MasterCard Canada Picks up Steam

  Visa dominates Canada's bank card market. But a resourceful and innovative MasterCard lately has been making inroads.
  Of Canada's 14 most recent entrants to the credit card market, 12 have joined MasterCard, according to Kevin Stanton, president of MasterCard Canada.
  Canada is a nonduality country, meaning an issuer only can belong to Visa or MasterCard, but not both.
  Although MasterCard is chalking up victories, this is still a David versus Goliath battle.
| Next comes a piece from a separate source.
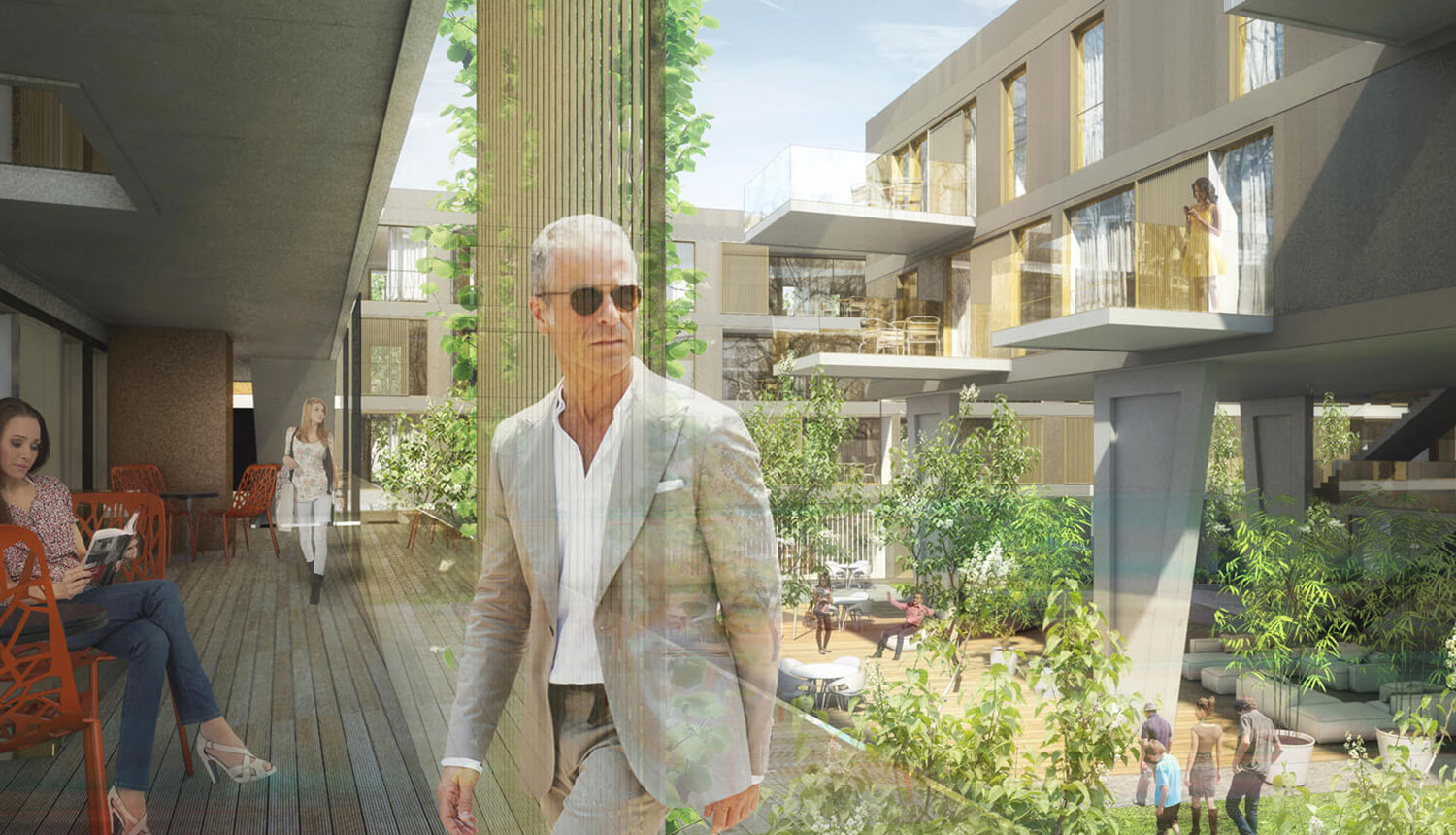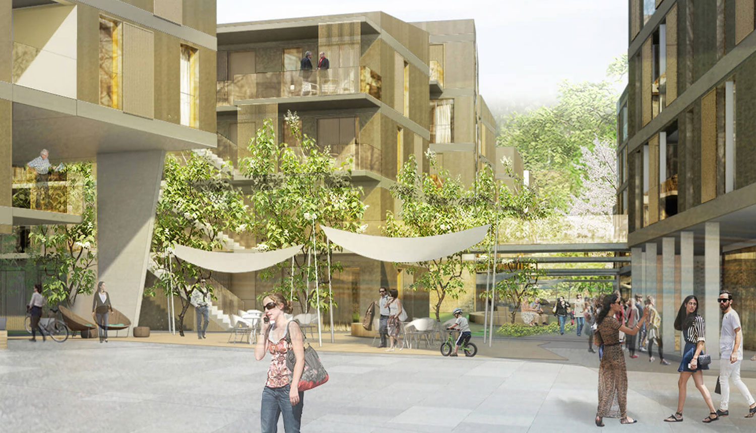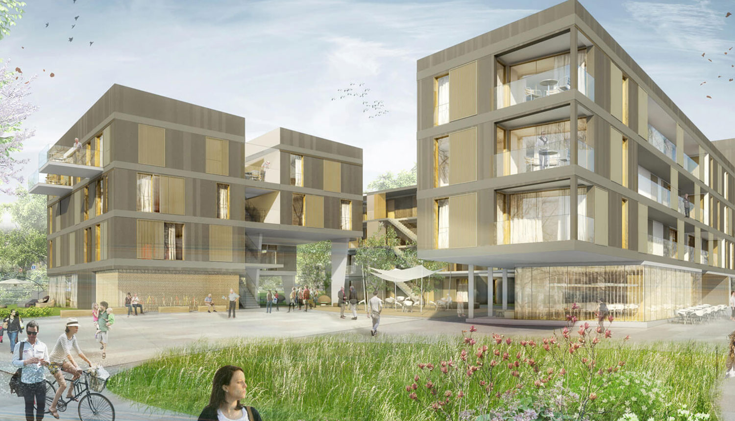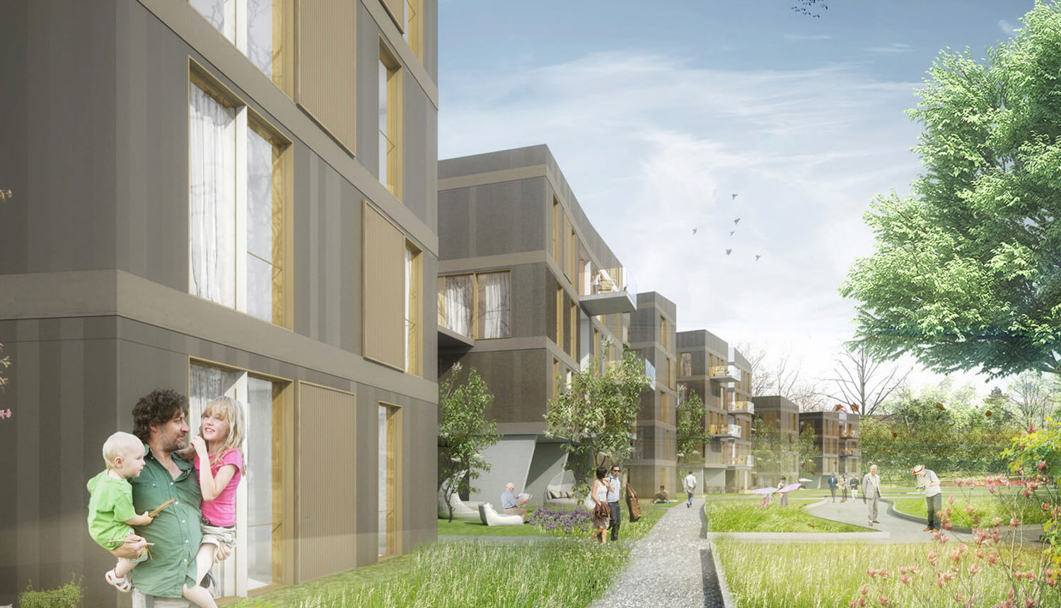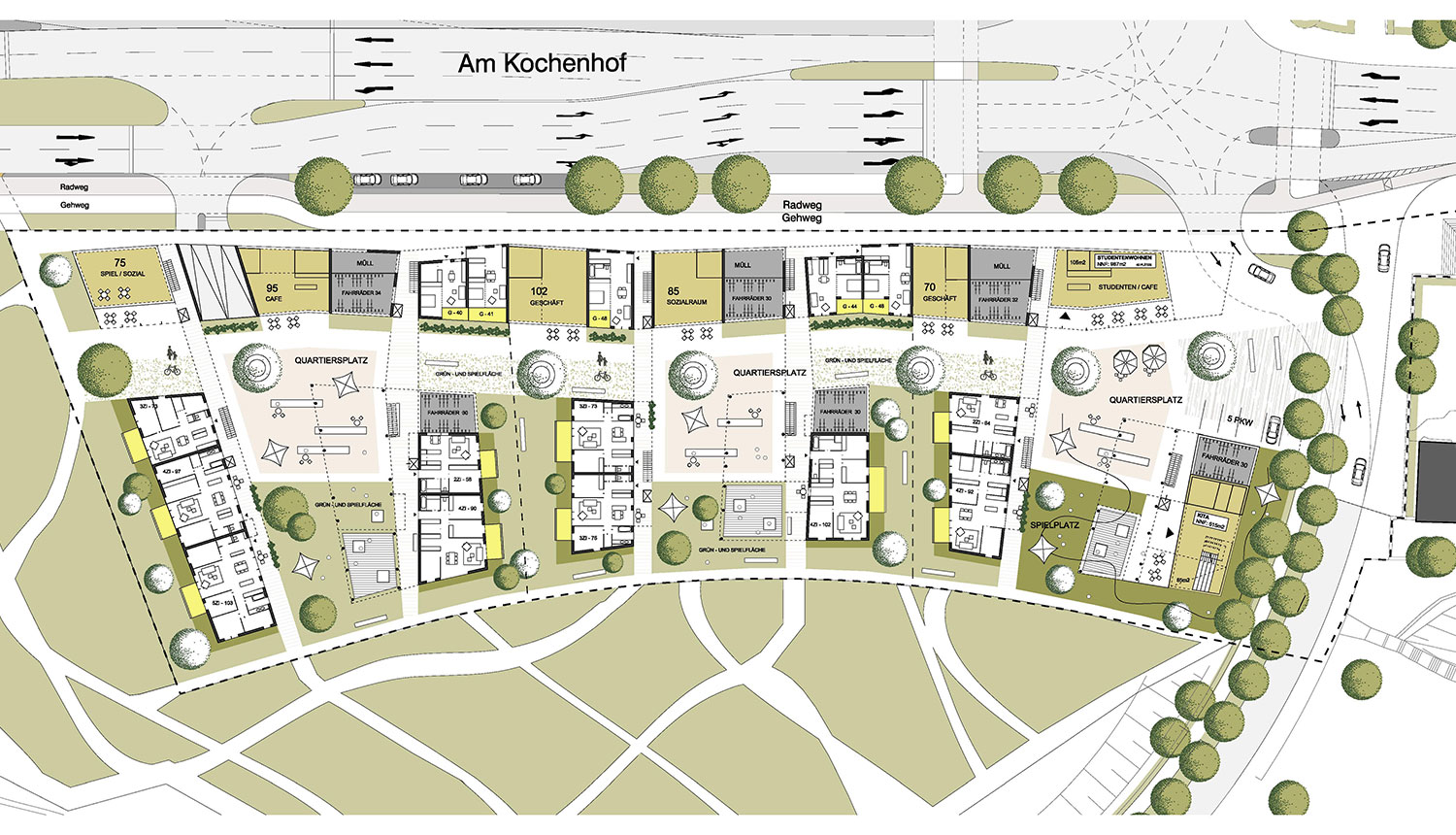 Es wurde eine offene Mitte als urbane Ergänzung der umliegenden Strukturen konzipiert. Diese kommunikative Aufwertung ermöglicht eine Vernetzung der unterschiedlichen Wohnformen und bringt hohe Qualität für ein funktionierendes Zusammenleben mit. Durch das Wechselspiel in der Anordnung der Baukörper entstehen Außenräume unterschiedlicher Stimmung und Funktion.

In 2005, according to Canadian Bankers Association and Visa Canada figures, Visa controlled 79% of the market in combined MasterCard and Visa sales volume of C$190.6 billion. Visa's share, however, is down slightly from 80.6% in 2004.
  MasterCard Canada is using a three-pronged strategy that involves finding new customers through cobrand agreements with retailers, pushing innovation and encouraging U.S. issuers to enter the Canadian market, says Stanton.
  MasterCard developed this strategy when the Canadian market was not looking good for the card association.
  Things began to go bad for MasterCard in 1994 when Royal Bank of Canada, a Visa issuer, bought Royal Trust and converted its MasterCard portfolio to Visa. As a result, MasterCard's share of gross dollar volume fell from 32.2% in 1993 to 28.2% in 1994.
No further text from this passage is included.